It was the odor at first. Crawford lay there, staring up at the ceiling, groping up through the remnants of a sleep so heavy it left him filled with an oppressive nausea. The hangings had been removed from the bed and the four reeded mahogany posts reached up through the semi-gloom to support the bare tester frame above him. He realized where he was, then. Huerta had stopped them? Yes, Huerta had stopped them last night, and brought him to the big house to sleep. Strange, the influence Huerta had over them. Without actually doing anything. Those eyes? Maybe that was it.

Crawford sat up abruptly, the heavy chintz coverlet falling away from him. He held out his hand, staring at the fingers. They were trembling. He sniffed the air. He pulled the coverlet completely off, swinging his bare feet out of the bed. His levis were on the russet wing chair and he grabbed them up and stepped into the legs. It was that sensation again, stirring within him. It was hard for him to breathe. He sat on the bed a moment, hands clutching the covers, staring at the wall. Why? Here. Why?

He turned his head from side to side, searching the room. It was day, but the overdrapes had been pulled across the window, and he could make out the furniture only dimly in the semi-gloom. And still, down inside him, rising, growing.

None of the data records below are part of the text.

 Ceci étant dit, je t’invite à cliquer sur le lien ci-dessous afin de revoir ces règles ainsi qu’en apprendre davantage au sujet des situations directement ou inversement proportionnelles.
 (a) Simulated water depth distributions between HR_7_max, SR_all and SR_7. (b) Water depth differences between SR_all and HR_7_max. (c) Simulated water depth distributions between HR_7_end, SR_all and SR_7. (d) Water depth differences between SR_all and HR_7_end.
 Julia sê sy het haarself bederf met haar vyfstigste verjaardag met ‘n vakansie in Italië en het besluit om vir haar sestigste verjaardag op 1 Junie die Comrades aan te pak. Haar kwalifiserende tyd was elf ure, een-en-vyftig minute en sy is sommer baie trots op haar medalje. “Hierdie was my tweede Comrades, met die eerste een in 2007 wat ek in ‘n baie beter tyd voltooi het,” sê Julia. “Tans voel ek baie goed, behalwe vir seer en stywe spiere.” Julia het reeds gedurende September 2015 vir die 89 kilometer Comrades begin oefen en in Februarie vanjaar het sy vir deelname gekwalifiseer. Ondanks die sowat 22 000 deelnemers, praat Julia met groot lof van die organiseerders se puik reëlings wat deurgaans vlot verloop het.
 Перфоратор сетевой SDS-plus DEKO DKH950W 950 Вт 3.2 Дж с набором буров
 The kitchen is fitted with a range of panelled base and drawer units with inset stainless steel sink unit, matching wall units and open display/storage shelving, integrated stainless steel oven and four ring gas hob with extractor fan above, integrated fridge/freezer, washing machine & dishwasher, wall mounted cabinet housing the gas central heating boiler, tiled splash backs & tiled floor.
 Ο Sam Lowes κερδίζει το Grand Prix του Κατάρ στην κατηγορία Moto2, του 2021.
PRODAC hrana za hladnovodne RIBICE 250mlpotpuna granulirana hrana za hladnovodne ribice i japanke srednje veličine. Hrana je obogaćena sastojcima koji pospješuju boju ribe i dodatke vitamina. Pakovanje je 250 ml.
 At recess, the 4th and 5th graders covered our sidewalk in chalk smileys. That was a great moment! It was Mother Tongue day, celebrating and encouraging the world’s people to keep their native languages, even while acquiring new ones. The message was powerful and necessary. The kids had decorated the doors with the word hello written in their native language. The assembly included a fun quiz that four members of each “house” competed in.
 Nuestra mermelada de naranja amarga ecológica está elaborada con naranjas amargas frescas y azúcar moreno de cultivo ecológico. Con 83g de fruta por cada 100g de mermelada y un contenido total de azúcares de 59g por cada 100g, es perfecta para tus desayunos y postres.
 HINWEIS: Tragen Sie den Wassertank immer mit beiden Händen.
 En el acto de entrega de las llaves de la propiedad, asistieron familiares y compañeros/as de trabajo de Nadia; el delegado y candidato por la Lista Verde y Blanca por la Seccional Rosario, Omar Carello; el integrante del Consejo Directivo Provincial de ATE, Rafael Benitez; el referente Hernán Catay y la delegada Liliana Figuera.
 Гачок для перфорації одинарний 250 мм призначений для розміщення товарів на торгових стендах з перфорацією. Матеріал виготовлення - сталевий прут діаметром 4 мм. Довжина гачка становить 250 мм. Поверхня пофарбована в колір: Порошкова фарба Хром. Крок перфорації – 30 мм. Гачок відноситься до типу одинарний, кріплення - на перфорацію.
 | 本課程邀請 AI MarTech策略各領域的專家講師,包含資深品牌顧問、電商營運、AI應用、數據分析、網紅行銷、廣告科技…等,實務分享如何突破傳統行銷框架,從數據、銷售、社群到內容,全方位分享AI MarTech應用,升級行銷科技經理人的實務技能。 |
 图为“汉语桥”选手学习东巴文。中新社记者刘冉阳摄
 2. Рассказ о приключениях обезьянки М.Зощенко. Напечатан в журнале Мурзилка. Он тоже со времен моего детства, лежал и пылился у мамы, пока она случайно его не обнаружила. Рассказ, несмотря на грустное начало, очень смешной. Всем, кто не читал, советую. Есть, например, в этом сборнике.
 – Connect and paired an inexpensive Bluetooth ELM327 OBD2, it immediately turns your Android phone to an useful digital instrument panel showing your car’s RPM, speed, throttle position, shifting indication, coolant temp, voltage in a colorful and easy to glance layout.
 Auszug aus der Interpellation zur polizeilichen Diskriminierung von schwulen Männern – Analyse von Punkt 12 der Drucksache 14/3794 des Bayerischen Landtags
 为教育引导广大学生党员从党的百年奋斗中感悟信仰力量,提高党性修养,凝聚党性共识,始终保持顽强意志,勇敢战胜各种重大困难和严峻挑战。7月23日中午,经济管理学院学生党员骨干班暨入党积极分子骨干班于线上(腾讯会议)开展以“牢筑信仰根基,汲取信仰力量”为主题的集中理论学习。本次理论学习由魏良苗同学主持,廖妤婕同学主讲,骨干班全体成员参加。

He bent down to pull on his boots with swift, desperate tugs, then rose. He looked like a hounded animal, the forward thrust of his rigid body imparting that narrowness to his shoulders, his eyes shifting furtively in a gaunt face. Then, on one of those shallow, indrawn breaths, it came to him, unmistakable.

Slowly, his whole body so tense it was trembling now, he turned about, sniffing. He stepped away from the bed, toward the windows, and it faded. He moved back toward the bed, and he could smell it again. With a muttered curse he bent down and tore the coverlet off. The dirty, fetid horse blanket had been laid out flat beneath the chintz spread.

"Huerta!"

It came out of him in a strangled, guttural rage, and he bent to clutch the horse blanket. He had it lifted off the bed before he released it, throwing it back down and whirling to the door. His boots made a hard thump down the stairway and into the entrance hall. He had almost passed the living-room when, through the open door, he caught sight of Huerta, seated in one of the willow chairs by the window. The doctor had been reading, and he lowered the book, leaning forward in the chair.

"You must have slept well, Crawford," he said. "It's nearly noon."

Crawford started to take a step forward, opening his mouth to speak. Then he closed it again, his fists clenched tight. There was a faint, waiting mockery on Huerta's face. Crawford whirled and stamped on out the front door. As he went down the front steps, he saw the crowd out by the corrals, and was drawn toward it. He made out Bueno Bailey and Innes among the men, but the others were new faces to him. There were half a dozen riders cavorting their horses around in the open flats, and a big Chihuahua cart was creaking out of the brush, piled high with onions and apricots and baskets of blue corn meal and squealing Mexican children and a fat Mexican peon driving. Crawford was part way across the compound when he saw the woman coming toward him. He had a momentary impulse to turn away, and stifled that. She held her heavy green satin skirt up out of the dust with one hand, and the wind ruffled the throat of her white Antoinette fichu. Her eyes, big and dark and searching, were held to his face until she reached him, and it did something to Crawford.

"They said it was a bull-tailing," she told him, coming to a stop. "I don't exactly understand."

"About the only celebration the _brasaderos_ get," he said, watching her warily. "A bunch of them gather almost every Sunday somewhere to eat and drink and tail the bull. I think they're celebrating Cinco de Mayo today. Commemorating some battle at Puebla--"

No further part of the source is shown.